Потом я сидел у распахнутого окна, ел сладкий арбуз и сплевывал зерна в траву, а над роскошным, картинным арбузом с черными зернами вилась оса. Оса садилась на красную мякоть, торопливо ползала по ней, и крылышки ее работали, как маленькие пропеллеры… Затем прилетели шмель и какая-то шустрая мушка. Арбуз был душистый и спелый: на этот раз мне повезло с арбузом. И мне хотелось угостить этим арбузом своих соседей, чтобы они сказали: «Ах, какой прекрасный арбуз, какой сочный и сладкий! Вот вы, наверно, умеете выбирать арбузы. Это мужское, конечно, дело – выбирать арбузы. Их надо как-то сжимать и слушать… Это тоже искусство».

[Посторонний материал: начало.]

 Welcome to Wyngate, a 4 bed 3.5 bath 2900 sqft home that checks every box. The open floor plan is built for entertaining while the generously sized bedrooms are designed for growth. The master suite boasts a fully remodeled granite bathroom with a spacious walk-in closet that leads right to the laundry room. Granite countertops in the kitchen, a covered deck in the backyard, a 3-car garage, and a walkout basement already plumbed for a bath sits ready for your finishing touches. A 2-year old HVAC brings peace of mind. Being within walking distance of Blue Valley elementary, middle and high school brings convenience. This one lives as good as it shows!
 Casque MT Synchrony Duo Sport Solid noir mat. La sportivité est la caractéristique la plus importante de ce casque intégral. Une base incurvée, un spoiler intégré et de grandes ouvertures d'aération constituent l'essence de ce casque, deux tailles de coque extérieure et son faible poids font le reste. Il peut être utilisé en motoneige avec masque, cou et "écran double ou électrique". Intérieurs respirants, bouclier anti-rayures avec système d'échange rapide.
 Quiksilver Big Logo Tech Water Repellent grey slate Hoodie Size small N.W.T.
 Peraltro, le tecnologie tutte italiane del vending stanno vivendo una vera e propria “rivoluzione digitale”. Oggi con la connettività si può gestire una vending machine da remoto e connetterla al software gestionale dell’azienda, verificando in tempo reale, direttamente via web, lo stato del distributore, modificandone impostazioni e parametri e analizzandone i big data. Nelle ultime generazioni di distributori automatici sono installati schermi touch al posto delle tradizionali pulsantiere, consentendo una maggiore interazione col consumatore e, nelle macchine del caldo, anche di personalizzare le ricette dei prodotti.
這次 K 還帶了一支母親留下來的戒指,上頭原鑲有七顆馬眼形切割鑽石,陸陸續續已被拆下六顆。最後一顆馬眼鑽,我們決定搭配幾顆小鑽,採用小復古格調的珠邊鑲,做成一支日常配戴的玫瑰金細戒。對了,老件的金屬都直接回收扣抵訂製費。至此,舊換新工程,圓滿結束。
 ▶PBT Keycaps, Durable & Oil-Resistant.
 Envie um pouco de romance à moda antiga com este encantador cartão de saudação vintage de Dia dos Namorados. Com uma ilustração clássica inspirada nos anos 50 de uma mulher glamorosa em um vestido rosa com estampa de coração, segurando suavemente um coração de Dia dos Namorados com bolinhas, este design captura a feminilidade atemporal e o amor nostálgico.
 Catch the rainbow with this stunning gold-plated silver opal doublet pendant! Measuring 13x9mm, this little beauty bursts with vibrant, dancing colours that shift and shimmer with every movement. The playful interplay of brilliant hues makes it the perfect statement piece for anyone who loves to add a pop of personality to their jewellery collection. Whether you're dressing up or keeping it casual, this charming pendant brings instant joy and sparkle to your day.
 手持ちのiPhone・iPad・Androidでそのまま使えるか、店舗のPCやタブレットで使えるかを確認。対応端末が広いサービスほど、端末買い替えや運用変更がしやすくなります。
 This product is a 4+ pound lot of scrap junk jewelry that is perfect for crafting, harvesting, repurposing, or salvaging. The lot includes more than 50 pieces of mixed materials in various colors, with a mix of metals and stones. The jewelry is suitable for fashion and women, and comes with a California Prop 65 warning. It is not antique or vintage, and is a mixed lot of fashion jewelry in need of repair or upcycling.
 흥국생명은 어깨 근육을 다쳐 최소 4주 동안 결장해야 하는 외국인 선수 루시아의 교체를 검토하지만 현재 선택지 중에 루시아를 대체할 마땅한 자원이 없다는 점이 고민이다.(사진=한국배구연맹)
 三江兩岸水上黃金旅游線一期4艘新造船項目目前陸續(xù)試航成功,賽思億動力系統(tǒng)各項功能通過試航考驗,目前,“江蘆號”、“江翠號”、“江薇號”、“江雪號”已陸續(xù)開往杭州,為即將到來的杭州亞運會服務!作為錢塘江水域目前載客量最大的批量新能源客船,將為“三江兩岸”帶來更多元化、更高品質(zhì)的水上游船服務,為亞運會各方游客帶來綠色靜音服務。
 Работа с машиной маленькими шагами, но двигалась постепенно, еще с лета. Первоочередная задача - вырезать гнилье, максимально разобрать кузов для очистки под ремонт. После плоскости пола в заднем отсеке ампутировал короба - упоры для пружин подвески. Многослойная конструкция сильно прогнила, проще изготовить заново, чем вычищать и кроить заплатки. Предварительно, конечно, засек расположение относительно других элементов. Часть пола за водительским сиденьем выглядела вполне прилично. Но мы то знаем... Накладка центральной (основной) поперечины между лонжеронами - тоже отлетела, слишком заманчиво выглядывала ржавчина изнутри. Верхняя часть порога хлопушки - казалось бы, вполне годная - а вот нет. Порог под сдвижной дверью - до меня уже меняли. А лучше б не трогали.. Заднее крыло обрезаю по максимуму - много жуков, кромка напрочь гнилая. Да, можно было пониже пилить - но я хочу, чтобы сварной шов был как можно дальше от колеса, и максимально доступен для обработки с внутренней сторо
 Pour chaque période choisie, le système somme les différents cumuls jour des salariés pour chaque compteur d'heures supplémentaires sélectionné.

Мне было бы приятно услышать похвалу.
Утром шел тихий и теплый дождь. Ветра совсем не было, молчали птицы, и слышно было, как капли перешептывались в траве и в листьях. Молодая осинка перед моим окном блестела вся, и листья ее вздрагивали, точно живые, и ствол ее внизу почернел от воды. В безветрии дождик долго не кончался, и я слышал, как Юлька за перегородкой, играя со своей дочкой, наговаривала ломаным и по-детски восторженным, счастливым голосом: «Дождик, дождик, перестань, я поеду во Казань…» И слышал ее глубинное, какое-то звучное придыхание. Мне хотелось увидеть ее в этой забывчивости, в этом материнском счастье, в задыхающемся восторге, когда из груди ее рвались нежно-рокочущие звуки, похожие на звуки журчащей воды… И у меня спирало грудь от этого желания… Сам я не помнил ни дома своего, ни семьи, ни отца, ни матери, и в это пасмурное утро, когда шелестел дождь, у меня заболело вдруг горло: мне показалось, что я тоже припомнил, как играла со мной моя незнакомая, неведомая мать и какой счастливый был у нее голос… Так вдруг откликнулось во мне болью Юлькино счастье.
«Дождик, дождик, перестань…»
А к полудню выкатилось солнце. Было оно жаркое и слепящее, лучи его обжигали кожу. Все блестело – трава и листья, и над цветами гудели пчелы, ввинчиваясь в пахучую, прозрачную гущину воздуха. Все было ярко вокруг и красочно, как на мокрой сводной картинке. С елок падали крупные капли и сверкали в полете. Пели зяблики…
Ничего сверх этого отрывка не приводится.